- Your assignment
Copy the listing exactly, please, and keep every picture out of it.

- Supplied records
|---|

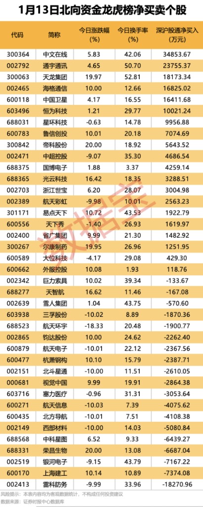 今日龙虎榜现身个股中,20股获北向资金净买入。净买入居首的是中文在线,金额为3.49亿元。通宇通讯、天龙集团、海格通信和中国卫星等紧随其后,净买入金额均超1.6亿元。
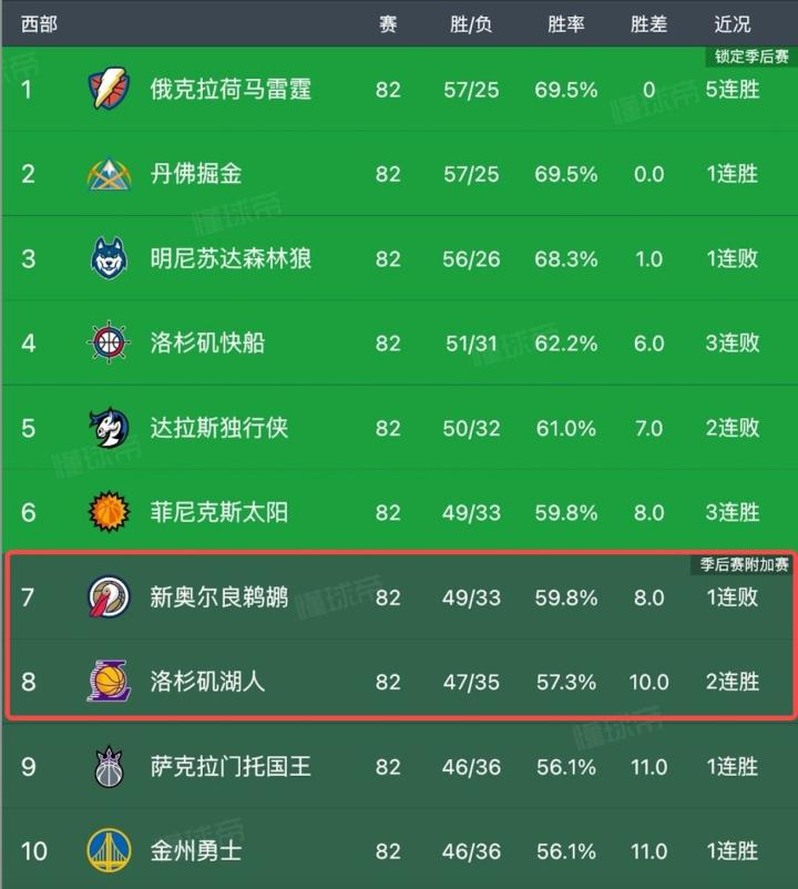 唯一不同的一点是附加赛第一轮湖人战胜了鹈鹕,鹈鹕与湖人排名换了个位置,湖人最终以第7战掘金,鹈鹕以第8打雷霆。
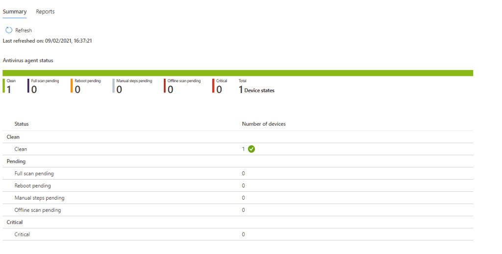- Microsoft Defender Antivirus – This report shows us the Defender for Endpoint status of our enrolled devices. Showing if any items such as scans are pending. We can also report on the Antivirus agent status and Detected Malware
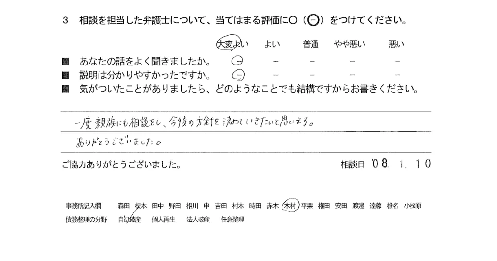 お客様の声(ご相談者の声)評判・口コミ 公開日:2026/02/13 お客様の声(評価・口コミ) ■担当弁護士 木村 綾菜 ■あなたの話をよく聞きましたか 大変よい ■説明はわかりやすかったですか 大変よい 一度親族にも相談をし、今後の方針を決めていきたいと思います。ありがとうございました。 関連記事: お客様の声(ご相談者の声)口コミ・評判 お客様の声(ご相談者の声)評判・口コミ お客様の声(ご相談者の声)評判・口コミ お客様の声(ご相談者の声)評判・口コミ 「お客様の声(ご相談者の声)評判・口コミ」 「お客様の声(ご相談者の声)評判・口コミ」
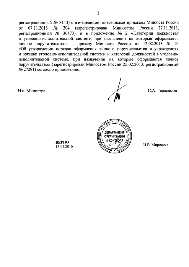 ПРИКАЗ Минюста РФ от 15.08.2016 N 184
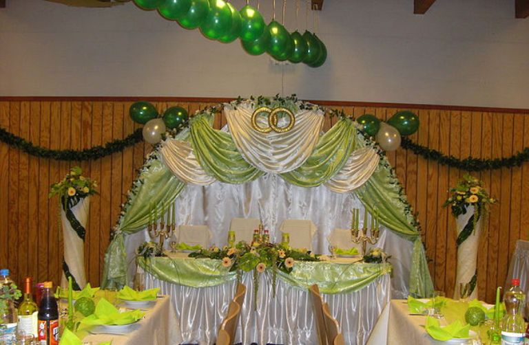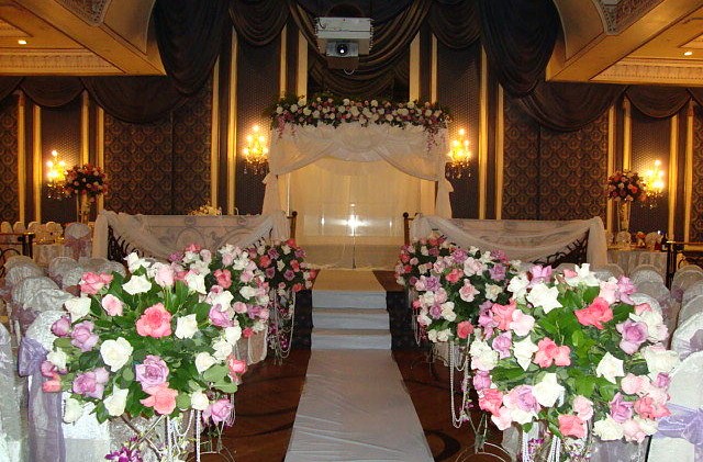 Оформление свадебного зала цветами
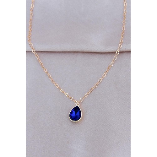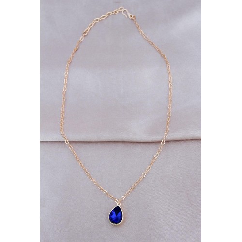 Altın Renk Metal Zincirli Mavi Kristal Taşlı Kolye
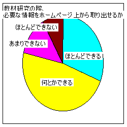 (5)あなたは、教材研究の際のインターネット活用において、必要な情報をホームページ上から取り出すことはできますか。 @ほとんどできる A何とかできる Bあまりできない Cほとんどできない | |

|---|

- Result
 今日龙虎榜现身个股中,20股获北向资金净买入。净买入居首的是中文在线,金额为3.49亿元。通宇通讯、天龙集团、海格通信和中国卫星等紧随其后,净买入金额均超1.6亿元。
 唯一不同的一点是附加赛第一轮湖人战胜了鹈鹕,鹈鹕与湖人排名换了个位置,湖人最终以第7战掘金,鹈鹕以第8打雷霆。
- Microsoft Defender Antivirus – This report shows us the Defender for Endpoint status of our enrolled devices. Showing if any items such as scans are pending. We can also report on the Antivirus agent status and Detected Malware
 お客様の声(ご相談者の声)評判・口コミ 公開日:2026/02/13 お客様の声(評価・口コミ) ■担当弁護士 木村 綾菜 ■あなたの話をよく聞きましたか 大変よい ■説明はわかりやすかったですか 大変よい 一度親族にも相談をし、今後の方針を決めていきたいと思います。ありがとうございました。 関連記事: お客様の声(ご相談者の声)口コミ・評判 お客様の声(ご相談者の声)評判・口コミ お客様の声(ご相談者の声)評判・口コミ お客様の声(ご相談者の声)評判・口コミ 「お客様の声(ご相談者の声)評判・口コミ」 「お客様の声(ご相談者の声)評判・口コミ」
 ПРИКАЗ Минюста РФ от 15.08.2016 N 184
 Оформление свадебного зала цветами
 Altın Renk Metal Zincirli Mavi Kristal Taşlı Kolye
 (5)あなたは、教材研究の際のインターネット活用において、必要な情報をホームページ上から取り出すことはできますか。 @ほとんどできる A何とかできる Bあまりできない Cほとんどできない | |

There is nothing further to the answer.